"Je me souviens du 10 novembre 1989"

3:38
  • Copié
, modifié à

Chaque dimanche soir, François Clauss conclut les deux heures du Grand journal de Wendy Bouchard avec une mise en perspective toute personnelle de l'actu.

10 Novembre 1989, 10 Novembre 2019, 30 ans jour pour jour après, il est 7 heures du matin, et je me souviens de cette voix qui sort du poste, comme on disait encore à l’époque. "J'ai sans doute vécu la nuit la plus extraordinaire, la plus exaltante de ma vie depuis la Libération de la France", disait alors André Ancian, correspondant d'Europe 1 en Allemagne. Ces mots-là restent ancrés en moi, comme si c’était ce matin.

10 Novembre 89, je me souviens, 10 minutes plus tard, le coup de fil de mon rédacteur en chef: "Il y a un avion qui décolle à 9h40, tu pars". Je me souviens, je cours sur le trottoir mon Nagra à l’épaule, mon fils de 10 mois sous le bras. Je le dépose à la crèche, puis la moto d’Europe 1 me transporte vers l’histoire.

10 Novembre 89, je me souvient de la Potsdamer Platz à 14 heures, de ce pan de mur qui s’ouvre, là sous mes yeux, comme la page d’un livre d’histoire qui se tournerait. 10 Novembre 89, je me souviens de ces regards fiévreux d’un côté, hagards de l’autre, mais qui ne feront qu’un, quelques minutes plus tard, entre larmes et embrassades.

La musique de Rostropovitch

10 Novembre 89, je me souviens de Checkpoint Charlie, de ce vieil homme seul sur sa chaise qui entame avec son violoncelle quelques mesures d’une sarabande de Bach. Le Grand Rostropovitch qui ce jour-là, pense à tous ceux qui sont morts un jour à cause de ce mur qui s’effondre derrière lui comme un fragile domino. 30 ans après ces quelques notes sont là ancrées en moi à jamais, comme si c'était ce matin. 

10 Novembre 89, je me souviens de cette file ininterrompue de Trabant fumantes aux improbables tonalités vert anis et bleu pastel qui roulent vers la liberté. 10 Novembre 89, je me souviens du regard perdu de ces kapos verts de gris, incarnation vivante quelques heures seulement auparavant de l’impitoyable répression, devenus soudain si dérisoires face à cette foule ivre de son nouveau pouvoir qui s’assoit à califourchon sur le mur.
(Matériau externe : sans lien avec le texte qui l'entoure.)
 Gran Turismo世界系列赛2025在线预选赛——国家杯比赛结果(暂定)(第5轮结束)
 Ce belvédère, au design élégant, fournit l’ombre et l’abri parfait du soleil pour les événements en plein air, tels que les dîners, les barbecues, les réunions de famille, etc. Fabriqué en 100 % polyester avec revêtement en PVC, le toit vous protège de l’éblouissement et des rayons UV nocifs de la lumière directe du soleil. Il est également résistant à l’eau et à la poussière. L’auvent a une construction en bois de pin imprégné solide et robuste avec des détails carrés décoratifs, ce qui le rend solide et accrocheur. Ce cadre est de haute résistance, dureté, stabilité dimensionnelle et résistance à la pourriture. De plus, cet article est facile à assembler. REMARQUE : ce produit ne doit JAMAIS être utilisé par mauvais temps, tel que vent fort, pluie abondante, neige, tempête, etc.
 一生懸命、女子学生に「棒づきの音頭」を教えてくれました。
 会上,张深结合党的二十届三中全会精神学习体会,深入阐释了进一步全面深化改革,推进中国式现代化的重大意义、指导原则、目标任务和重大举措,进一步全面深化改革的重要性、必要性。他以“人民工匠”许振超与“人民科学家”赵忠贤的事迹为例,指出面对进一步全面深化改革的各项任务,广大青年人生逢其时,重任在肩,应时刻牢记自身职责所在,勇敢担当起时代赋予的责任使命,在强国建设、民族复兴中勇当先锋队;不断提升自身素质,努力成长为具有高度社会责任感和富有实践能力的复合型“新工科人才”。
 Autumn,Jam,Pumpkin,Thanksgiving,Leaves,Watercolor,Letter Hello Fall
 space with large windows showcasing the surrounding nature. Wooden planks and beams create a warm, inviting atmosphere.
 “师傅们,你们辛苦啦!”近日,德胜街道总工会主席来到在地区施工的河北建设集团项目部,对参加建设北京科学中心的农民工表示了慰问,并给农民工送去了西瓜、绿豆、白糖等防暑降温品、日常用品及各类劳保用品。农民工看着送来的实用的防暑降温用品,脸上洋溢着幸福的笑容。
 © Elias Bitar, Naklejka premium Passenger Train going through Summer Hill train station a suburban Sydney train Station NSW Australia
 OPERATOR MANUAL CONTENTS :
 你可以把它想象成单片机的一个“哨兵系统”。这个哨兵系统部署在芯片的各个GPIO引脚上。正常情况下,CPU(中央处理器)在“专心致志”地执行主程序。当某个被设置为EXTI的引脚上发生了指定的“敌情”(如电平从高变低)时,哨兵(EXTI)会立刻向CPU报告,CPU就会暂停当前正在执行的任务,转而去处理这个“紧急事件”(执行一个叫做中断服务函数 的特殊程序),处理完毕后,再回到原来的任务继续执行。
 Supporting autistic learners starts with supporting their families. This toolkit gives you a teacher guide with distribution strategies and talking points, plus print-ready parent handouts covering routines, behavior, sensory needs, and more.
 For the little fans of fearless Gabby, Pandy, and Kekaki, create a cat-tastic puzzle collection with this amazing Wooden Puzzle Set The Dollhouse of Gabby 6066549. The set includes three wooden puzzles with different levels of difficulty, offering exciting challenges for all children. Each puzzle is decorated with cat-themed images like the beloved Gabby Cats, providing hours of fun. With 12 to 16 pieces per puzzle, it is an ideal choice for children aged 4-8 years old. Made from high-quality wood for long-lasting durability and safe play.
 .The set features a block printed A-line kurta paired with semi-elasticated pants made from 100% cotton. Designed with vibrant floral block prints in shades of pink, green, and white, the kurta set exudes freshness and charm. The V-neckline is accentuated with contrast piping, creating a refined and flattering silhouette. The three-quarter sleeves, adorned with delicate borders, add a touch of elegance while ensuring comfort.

Car, oui, 10 Novembre 89, il y avait dans l’air cette cette énergie là si singulière des grands instants et d’un irrésistible besoin de la partager. En quittant Berlin, 3 semaines plus tard, je tomberai nez à nez à l’aéroport avec 3 légendes du rock américain débarquant à l’improviste, guitare en bandoulière. Crosby, Stills et Nash, héros de Woodstock 20 ans auparavant, ne résistant pas, comme si l’histoire devait se répéter, accompagner en musique ce monde qui change.

"Entretenir le souvenir de cette inoubliable nuit"

10 Novembre 89, j’y repenserai très fort 22 ans plus tard, à Benghazi en Libye, lorsqu'avec le même besoin de justice, la foule à main nus allait libérer les geôles de Kadhafi. J’y repenserai à Homs, en Syrie, lorsque qu’avec la même farouche détermination, la jeunesse défiait les blindés de Bachar. J’y repenserai au Caire, lorsqu’avec la même frénésie de liberté, les manifestants déboulonnaient la statue de Moubarak

Mais en ce 10 Novembre 2019 et au-delà du rêve broyé de Benghazi, de Homs ou du Caire, je ne peux m’empêcher de repenser à ce petit bout de chou de 10 mois qui aura vécu la chute du mur dans sa crèche, devenant 30 ans plus tard après des études à Paris, Rotterdam et Copenhague, un citoyen épanoui de ce nouveau continent né de la chute d’un pan de mur de la Potsdamer Platz

Et à l’heure où ce nouveau monde serait "au bord du gouffre", à l’heure où la tentation de rebâtir des murs n’a jamais semblé aussi forte, oui, il est de notre devoir d'entretenir le souvenir de cette inoubliable nuit du 9 au 10 juillet 89.